In Aim II, we will focus on functionally characterizing the MAF/MAFB protein interactome. Because of their
ability to suppress progenitor genes and activate differentiation genes, we hypothesized that MAF/MAFB exist
simultaneously in activating and repressive complexes to mediate gene expression. We will first characterize
the MAF/MAFB interactome using tandem affinity purification and a proximal protein biotinylation (BioID)

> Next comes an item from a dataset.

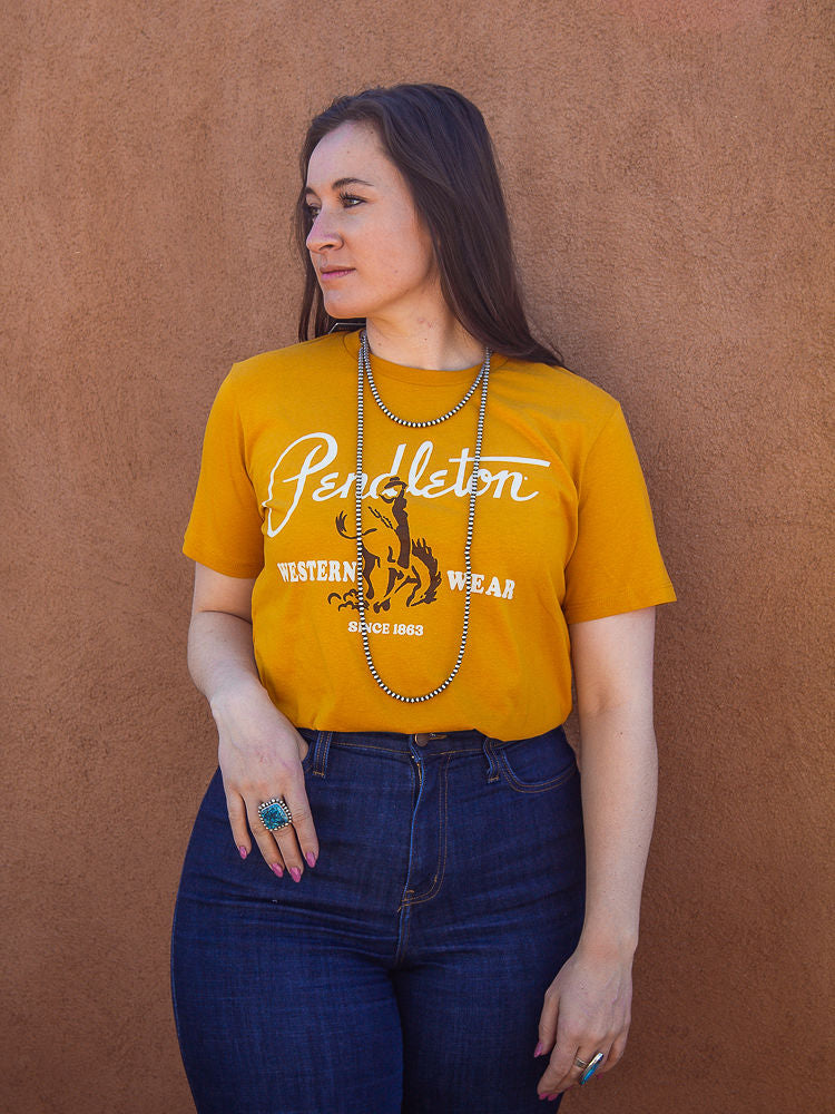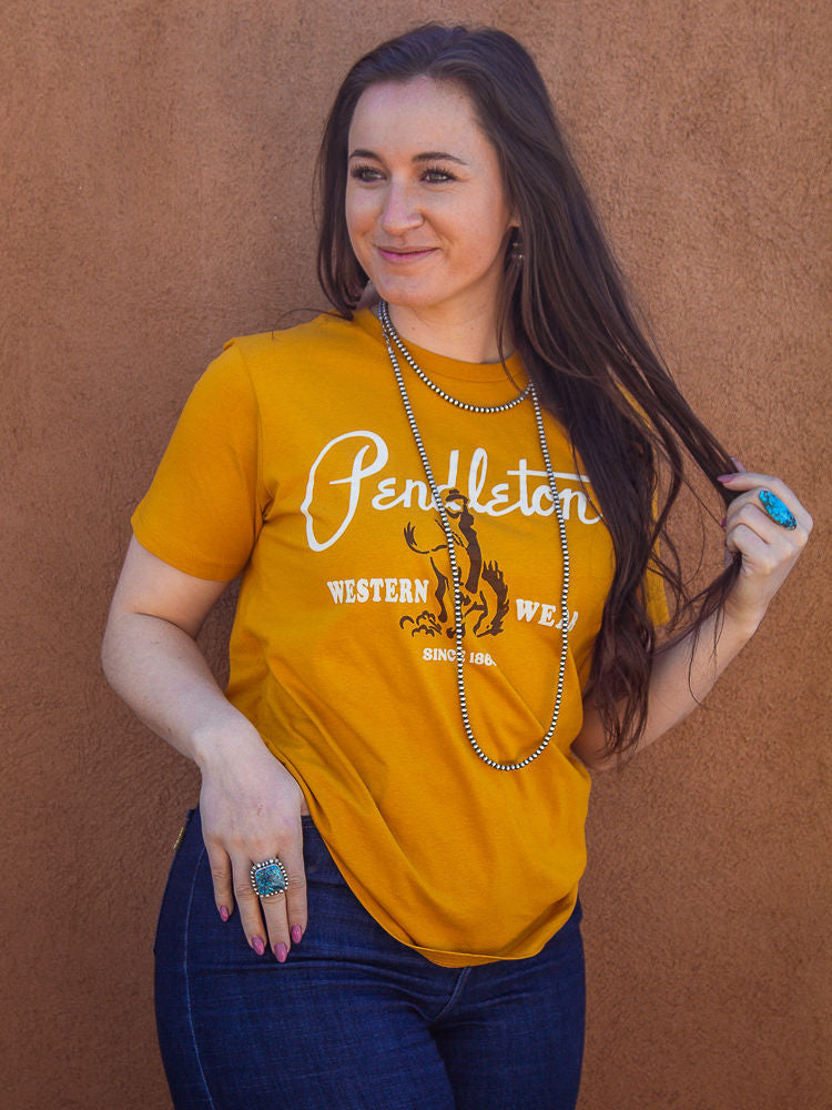 Cowgirl Graphic Tee by Pendleton - This sunshine golden graphic tee is part of Pendleton's heritage collection that celebrates the history of Pendleton. It is a soft ring-spun combed cotton tee that is perfect for those sunny summer days! (TB373-87424)

approach coupled with mass spectrometry to identify proteins associating with MAF/MAFB during epidermal
differentiation. These approaches will identify stable and transient MAF/MAFB interactors. To functionally
characterize candidate MAF/MAFB co-regulators, we have developed a CRISPR/Cas9 screen to identify
factors required for terminal differentiation. Candidates that arise from this screen will be validated by gene
expression profiling and in tissue models. Taken together, this aim will serve to functionally characterize
MAF/MAFB activating and repressive complexes operating during epidermal differentiation.
Over the course of the training period, I plan to have expanded my expertise into the areas of epigenomics,
bioinformatics, and proteomics, all while characterizing the complexity of epidermal transcriptional regulation.
The findings arising from this proposal will inform the skin biology community of critical DNA regulatory
elements required for human epidermal differentiation, how MAF/MAFB participates in functional regulation of
these elements, and what additional factors are critical for epidermal differentiation. These findings may form
the foundation of future treatment strategies for disorders characterized by disrupted epidermal homeostasis.